Ces films répondent à des structures scénaristiques similaires et véhiculent des idées semblables d’un film à l’autre. Ainsi, ils se décomposent en trois temps (à l’exception de « The Thing » dont la conclusion se démarque des trois autres). Tout d’abord, la phase introductive où l’élément central et perturbateur part de l’extérieur pour arriver dans le lieu cloisonné où va se dérouler l’action :
_Le chien poursuivi par l’hélicoptère au début de « The Thing », l’élément perturbateur étant évidemment le chien.
_Snake arrive du monde « libre » dans « New York 1997 » et «Los Angeles 2013 », pour pénétrer dans les deux immenses prisons où va se situer l’action du film. Il y pénètre grâce à un planeur dans le premier et un sous-marin dans le second.
_Pour « Les aventures de Jack Burton dans les griffes du mandarin » l’espace clos apparaît de manière plus symbolique que physique. En réalité, il y a deux cloisonnements différents dans ce film, le premier consiste en l’arrivée en camion de Jack Burton dans le Chinatown de San Francisco.

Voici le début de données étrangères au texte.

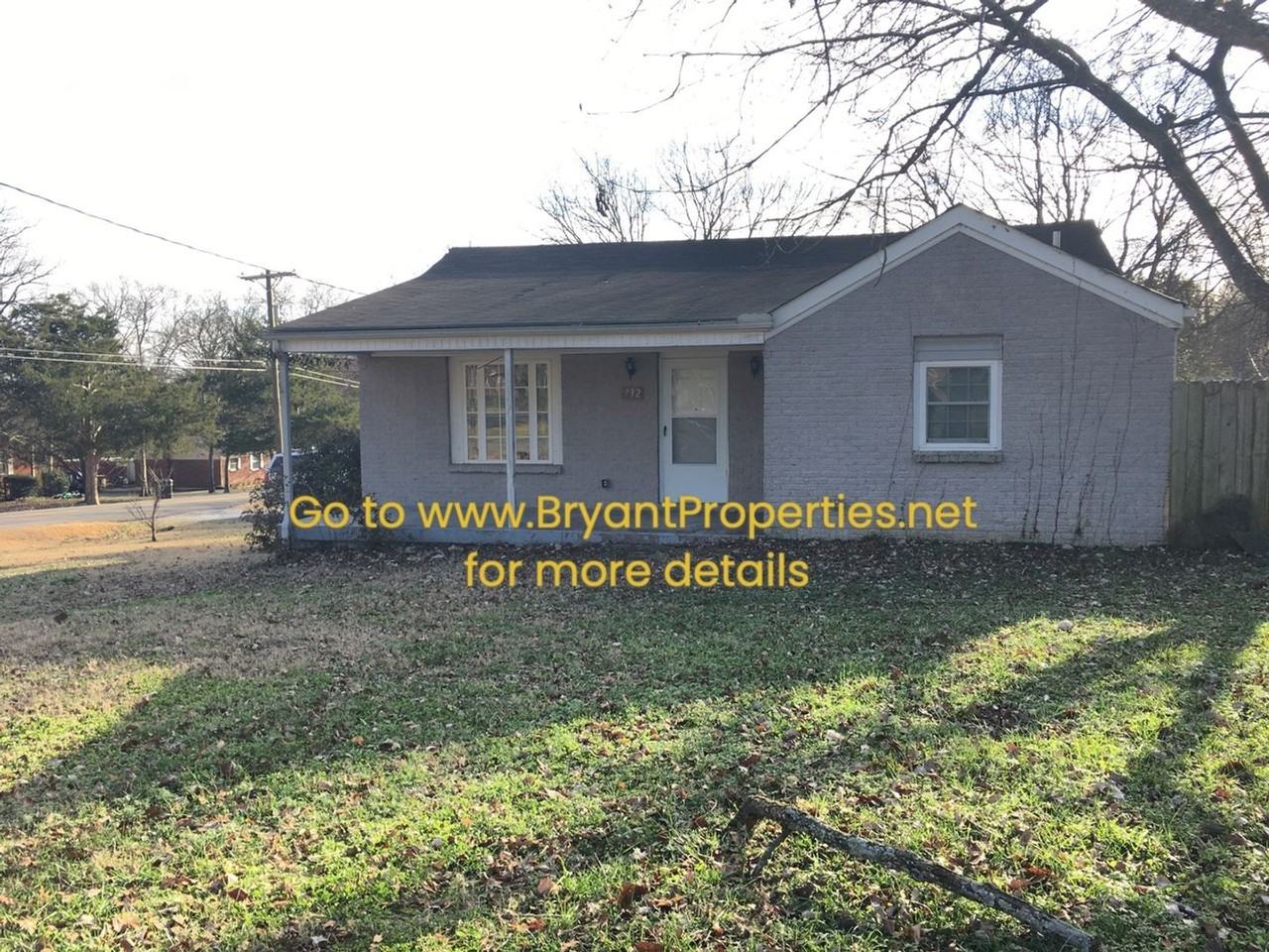 3- Bedroom 2-Bath, New Paint, New Carpet, Living Room and Den, Large Kitchen with Lots of Cabinets, Central Heat & Air, 1-Car Garage, Fenced in Back Yard, Setting on a Corner Lot, This Property has a Rently Lock Box on Side Door for Self-Showings. STATUS: Vacant AVAILABLE DATE: 02/01/2026 RENT: $1900.00 DEPOSIT: $1900.00 TYPE: Single Family YEAR BUILT: 1951 BEDROOMS: 3 BATHROOMS: 2 SQ FT: Approx. 1673 per Tax Records GARAGE: 1-Car Detached FENCED YARD: Back Yard UTILITIES INCLUDED: No HOA FEE: None PET RULE: Case by Case, If pets are approved, there will be fees + extra rent SMOKING: No Smoking in Property MIN. LEASE: 12 Months RENTERS INSURANCE: Required Before Move In HOW TO APPLY: Must see Inside Property Before Applying - Must Have Social Security Number - Go to www bryantproperties net -Click on Homes for Rent, Click on the Property Apply Button. APPLICATION TURNAROUND TIME: 24 to 72 Business Hours If you decide to apply for one of our properties, there is a $50 per adult application fee that is non-refundable. Anyone aged 18 or above who will be residing at the property must apply. We will (1) check your credit report; (2) check for any past evictions; (3) verify your employment, if applicable; (4) personal income must be sufficient and verifiable; (5) verify your previous landlord references; and (6) perform a criminal background screening; (7) be aware that some HOA also have application fees. We encourage you not to apply if you have credit scores below 500, have ever been evicted, have bad rental history or have recent or drug/violence related felonies, or if you are in a bankruptcy. Bankruptcy has to be discharged. If you are approved you will need renters' insurance before moving in with $100,000 liability and Bryant Properties of TN, LLC listed as additional insured. Bryant Properties 305 Highland Heights Drive, Goodlettsville, TN 37072

Il pénètre dans un marché chinois avec son camion, seul véhicule motorisé au milieu de tous ces commerçants et ces acheteurs s’affairant autour des denrées exposées. Le deuxième se trouve être le bâtiment où est enfermée la femme de Wang Chi, Miao Yin.

La seconde phase, constituant la majeure partie du récit, met en opposition l’élément étranger et l’univers clos, régit par ses propres règles. Ce dernier, en tant qu’étranger, doit s’adapter à ce monde pour survivre. Ainsi la créature de « The Thing » devient littéralement membre de cette communauté en absorbant ses membres et en les remplaçant. Par opposition Jack Burton découvre, éberlué, un monde totalement fantastique, le spectateur et Jack Burton entre en symbiose. Le spectateur et Jack Burton sont placés sur un pied d’égalité face aux étranges magies qu’ils découvrent, face à ces fantômes improbables. Pour que le spectateur adhère à ce spectacle, Jack Burton doit incarner le spectateur européen découvrant cette culture et son folklore. D’ailleurs la première scène où la magie intervient, arrive sur une place totalement cloisonnée où deux bandes rivales s’affrontent et dans laquelle se trouve Jack Burton, arrivé ici avec son camion après avoir emprunté une très mince ruelle. Notons que l’élément extérieur parcourt un trajet, pour arriver dans un univers cloisonné où il devra faire face à un univers dont il ignore tout. Jack Burton demeure une exception dans ces quatre films, car il est le seul qui ne s’adapte pas. Au début et à la fin du film, il demeure le même, simple spectateur, compagnon d’arme de Wang Chi. Ce dernier apparaît comme le véritable héros du film, car il est celui qui connaît ce monde et ses règles.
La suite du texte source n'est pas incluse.